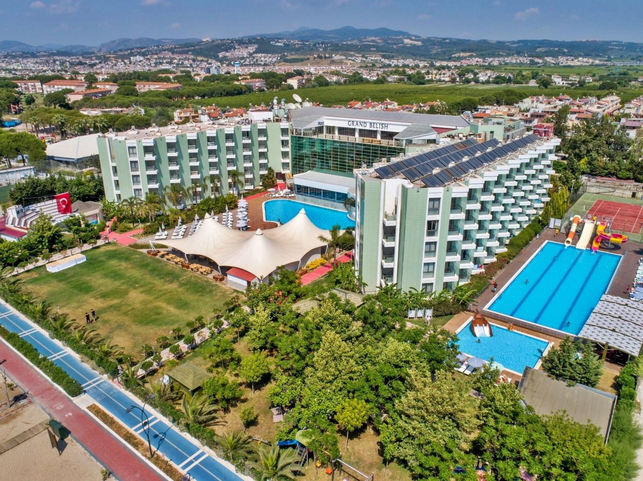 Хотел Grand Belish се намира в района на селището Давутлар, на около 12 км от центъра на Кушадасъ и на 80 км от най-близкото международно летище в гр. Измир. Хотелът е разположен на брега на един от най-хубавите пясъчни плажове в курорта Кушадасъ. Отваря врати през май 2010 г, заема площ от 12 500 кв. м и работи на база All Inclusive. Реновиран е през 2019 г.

* * *

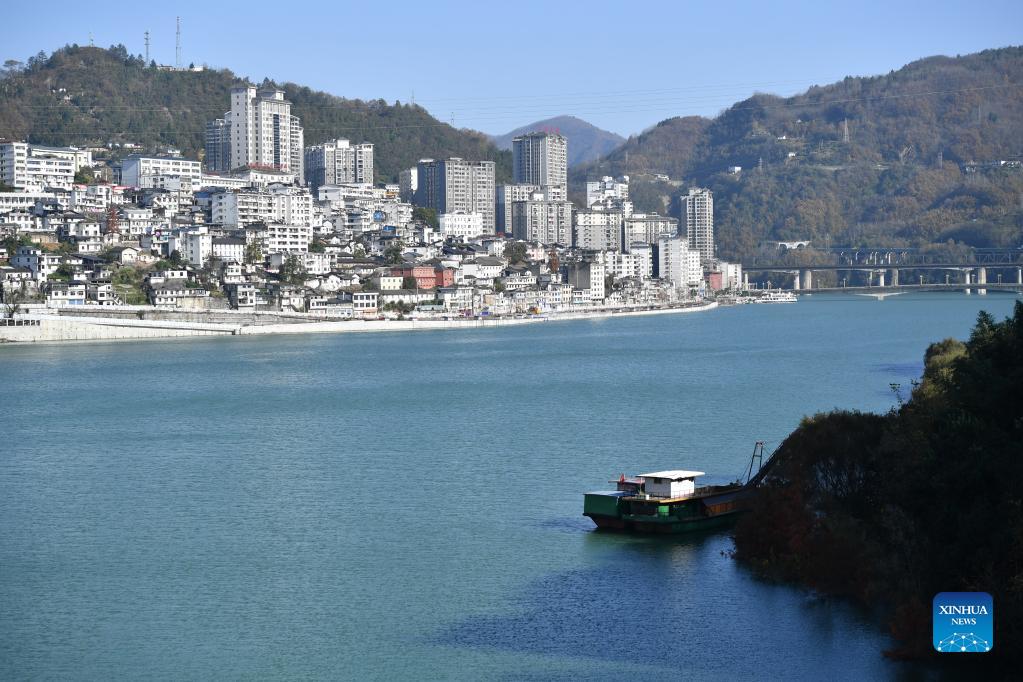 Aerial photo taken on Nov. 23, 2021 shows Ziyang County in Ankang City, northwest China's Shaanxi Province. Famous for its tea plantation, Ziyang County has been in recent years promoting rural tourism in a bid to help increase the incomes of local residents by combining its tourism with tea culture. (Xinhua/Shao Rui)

* * *

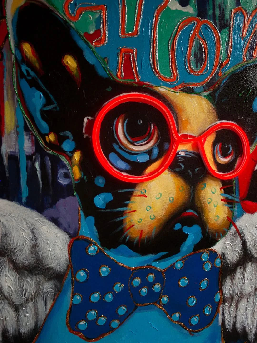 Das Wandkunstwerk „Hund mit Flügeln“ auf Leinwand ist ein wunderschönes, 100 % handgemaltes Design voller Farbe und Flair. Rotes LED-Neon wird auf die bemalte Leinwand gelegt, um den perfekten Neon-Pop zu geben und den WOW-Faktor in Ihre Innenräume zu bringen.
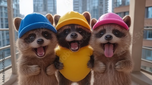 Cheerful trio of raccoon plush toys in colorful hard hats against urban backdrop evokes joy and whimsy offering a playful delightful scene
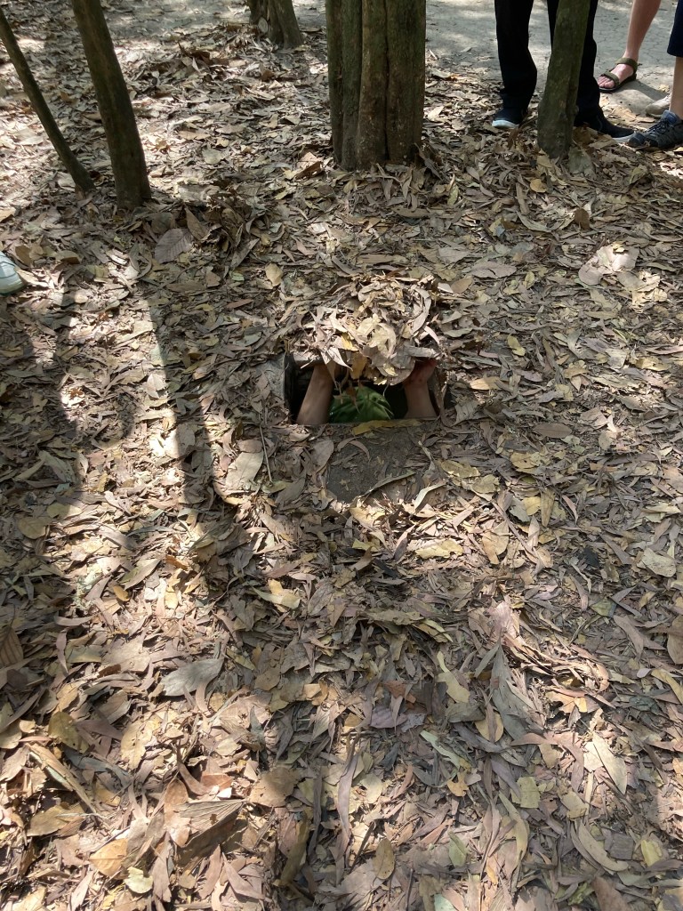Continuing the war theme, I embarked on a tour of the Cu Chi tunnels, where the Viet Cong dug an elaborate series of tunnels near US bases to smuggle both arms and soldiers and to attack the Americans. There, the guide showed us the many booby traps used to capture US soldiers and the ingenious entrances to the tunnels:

#### [EXERCISE BRIEF]
Word for word, write out the lines above running from the one with "Das Wandkunstwerk „Hund" up to and including the one with "Continuing the war". Drop any picture.

#### [OUTPUT OF THE TASK]
 Das Wandkunstwerk „Hund mit Flügeln“ auf Leinwand ist ein wunderschönes, 100 % handgemaltes Design voller Farbe und Flair. Rotes LED-Neon wird auf die bemalte Leinwand gelegt, um den perfekten Neon-Pop zu geben und den WOW-Faktor in Ihre Innenräume zu bringen.
 Cheerful trio of raccoon plush toys in colorful hard hats against urban backdrop evokes joy and whimsy offering a playful delightful scene
Continuing the war theme, I embarked on a tour of the Cu Chi tunnels, where the Viet Cong dug an elaborate series of tunnels near US bases to smuggle both arms and soldiers and to attack the Americans. There, the guide showed us the many booby traps used to capture US soldiers and the ingenious entrances to the tunnels:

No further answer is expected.